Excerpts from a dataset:
-- -- --

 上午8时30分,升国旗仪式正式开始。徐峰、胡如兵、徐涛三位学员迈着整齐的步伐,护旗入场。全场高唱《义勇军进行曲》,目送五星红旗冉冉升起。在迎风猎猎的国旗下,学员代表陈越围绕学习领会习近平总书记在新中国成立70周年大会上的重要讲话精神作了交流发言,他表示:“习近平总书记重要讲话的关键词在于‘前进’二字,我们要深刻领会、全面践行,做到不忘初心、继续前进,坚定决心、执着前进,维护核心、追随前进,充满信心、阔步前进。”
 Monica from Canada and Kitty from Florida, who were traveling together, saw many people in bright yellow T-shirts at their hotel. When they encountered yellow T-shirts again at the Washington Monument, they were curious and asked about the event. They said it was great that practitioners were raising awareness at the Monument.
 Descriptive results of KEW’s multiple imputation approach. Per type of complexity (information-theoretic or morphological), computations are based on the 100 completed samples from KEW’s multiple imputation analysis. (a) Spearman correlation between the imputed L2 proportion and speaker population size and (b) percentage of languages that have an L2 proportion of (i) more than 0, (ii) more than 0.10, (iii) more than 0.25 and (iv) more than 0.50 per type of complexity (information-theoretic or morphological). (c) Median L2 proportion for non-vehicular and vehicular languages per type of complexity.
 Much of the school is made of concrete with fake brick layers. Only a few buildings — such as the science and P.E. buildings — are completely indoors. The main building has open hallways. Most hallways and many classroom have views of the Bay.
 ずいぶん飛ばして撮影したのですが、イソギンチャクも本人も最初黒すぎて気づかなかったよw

-- -- --

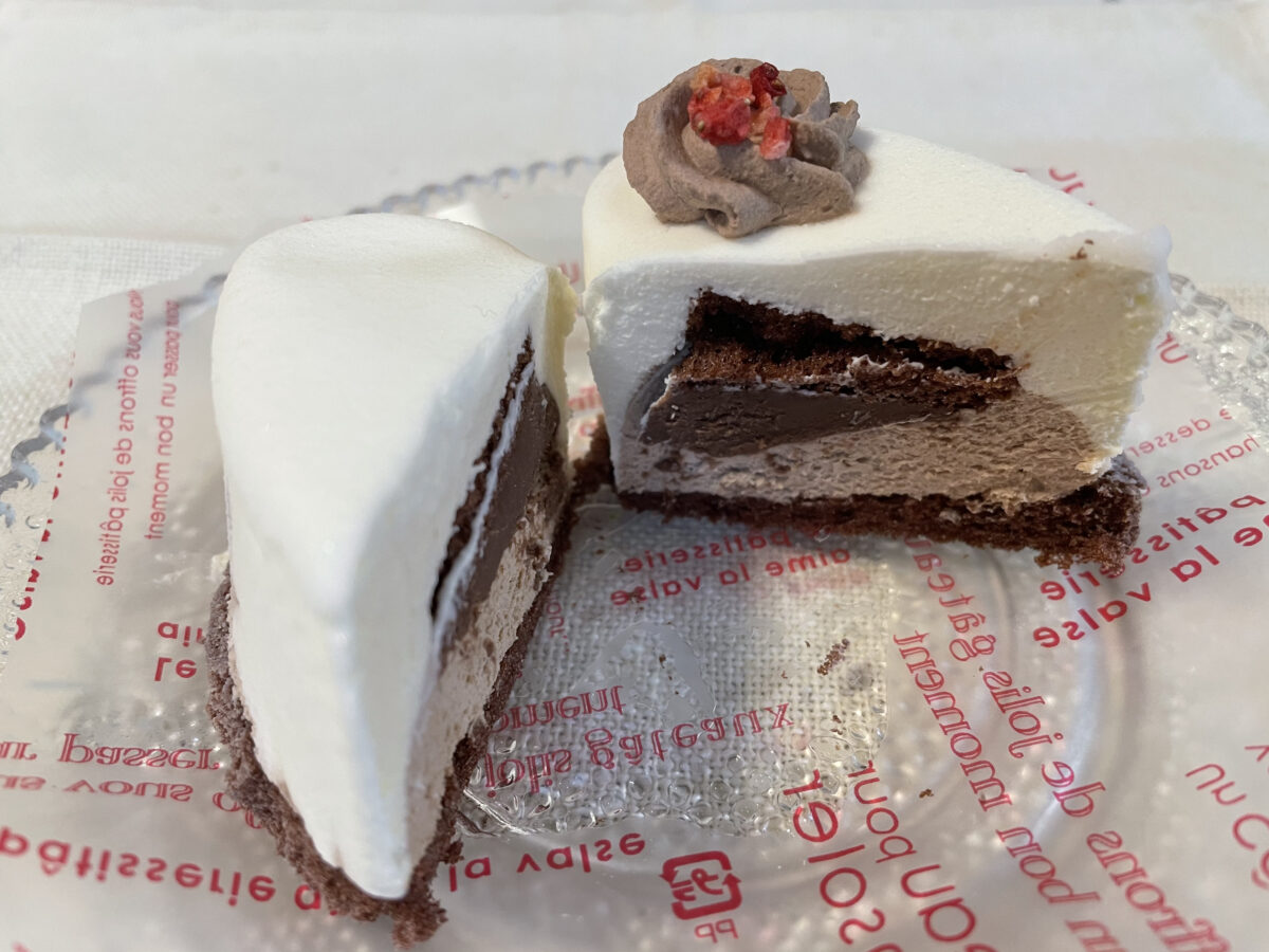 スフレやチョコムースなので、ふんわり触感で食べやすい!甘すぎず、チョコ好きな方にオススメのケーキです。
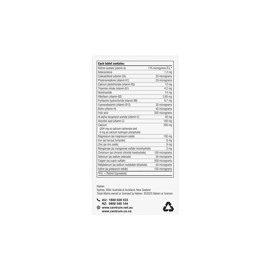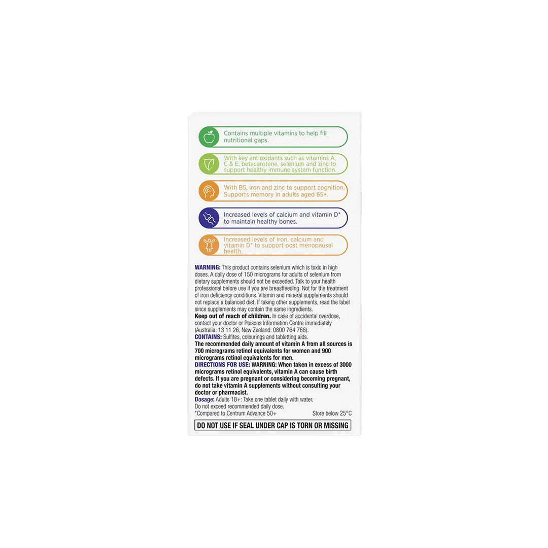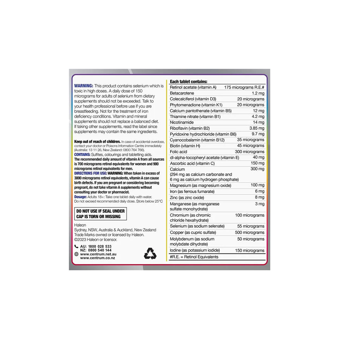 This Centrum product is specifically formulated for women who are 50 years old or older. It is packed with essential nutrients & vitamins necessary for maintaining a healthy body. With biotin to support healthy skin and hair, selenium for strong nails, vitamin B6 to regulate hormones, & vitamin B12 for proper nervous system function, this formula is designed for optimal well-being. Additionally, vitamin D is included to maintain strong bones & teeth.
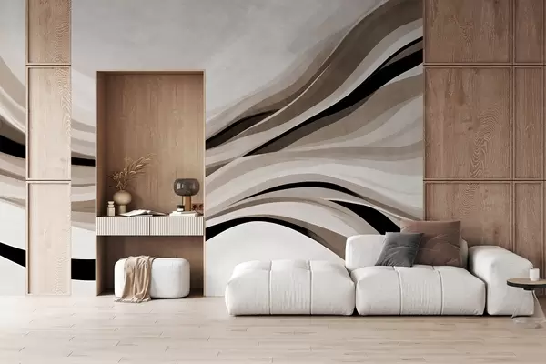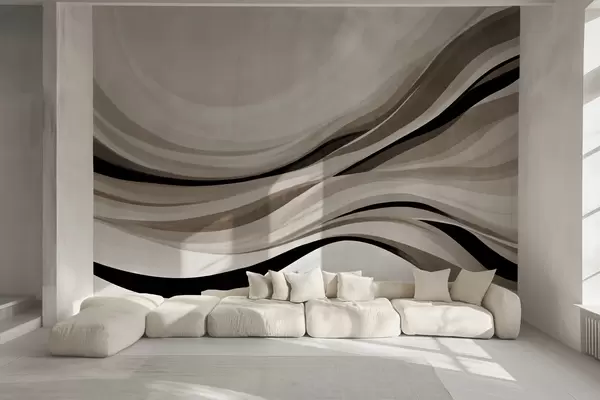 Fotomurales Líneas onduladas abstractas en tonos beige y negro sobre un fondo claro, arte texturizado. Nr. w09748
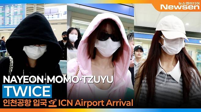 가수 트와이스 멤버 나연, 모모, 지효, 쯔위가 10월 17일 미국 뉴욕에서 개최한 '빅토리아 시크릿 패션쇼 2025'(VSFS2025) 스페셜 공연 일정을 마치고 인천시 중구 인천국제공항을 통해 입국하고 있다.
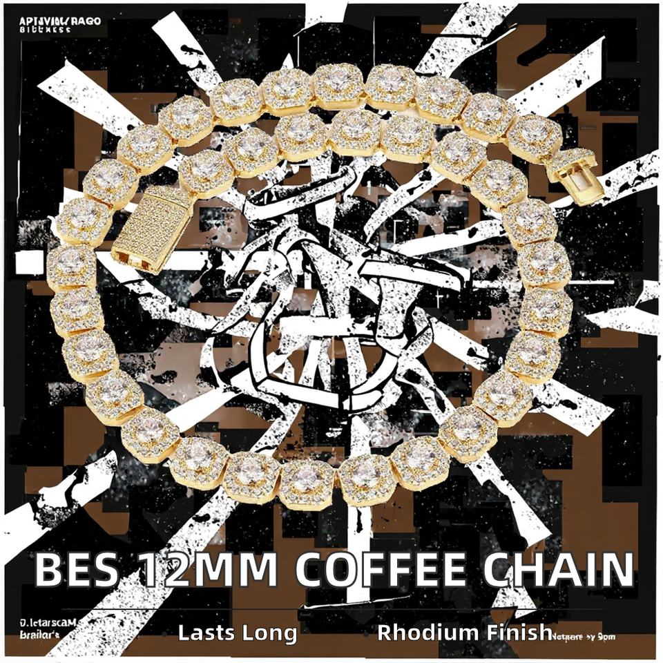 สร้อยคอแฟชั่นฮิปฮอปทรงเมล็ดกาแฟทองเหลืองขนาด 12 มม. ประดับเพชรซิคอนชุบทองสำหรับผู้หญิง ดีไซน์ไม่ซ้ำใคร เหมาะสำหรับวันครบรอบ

-- -- --

**BRIEF:** Write out every line of the entries that holds the word "have".

**SOLUTION TO THIS TASK:**
 Descriptive results of KEW’s multiple imputation approach. Per type of complexity (information-theoretic or morphological), computations are based on the 100 completed samples from KEW’s multiple imputation analysis. (a) Spearman correlation between the imputed L2 proportion and speaker population size and (b) percentage of languages that have an L2 proportion of (i) more than 0, (ii) more than 0.10, (iii) more than 0.25 and (iv) more than 0.50 per type of complexity (information-theoretic or morphological). (c) Median L2 proportion for non-vehicular and vehicular languages per type of complexity.
 Much of the school is made of concrete with fake brick layers. Only a few buildings — such as the science and P.E. buildings — are completely indoors. The main building has open hallways. Most hallways and many classroom have views of the Bay.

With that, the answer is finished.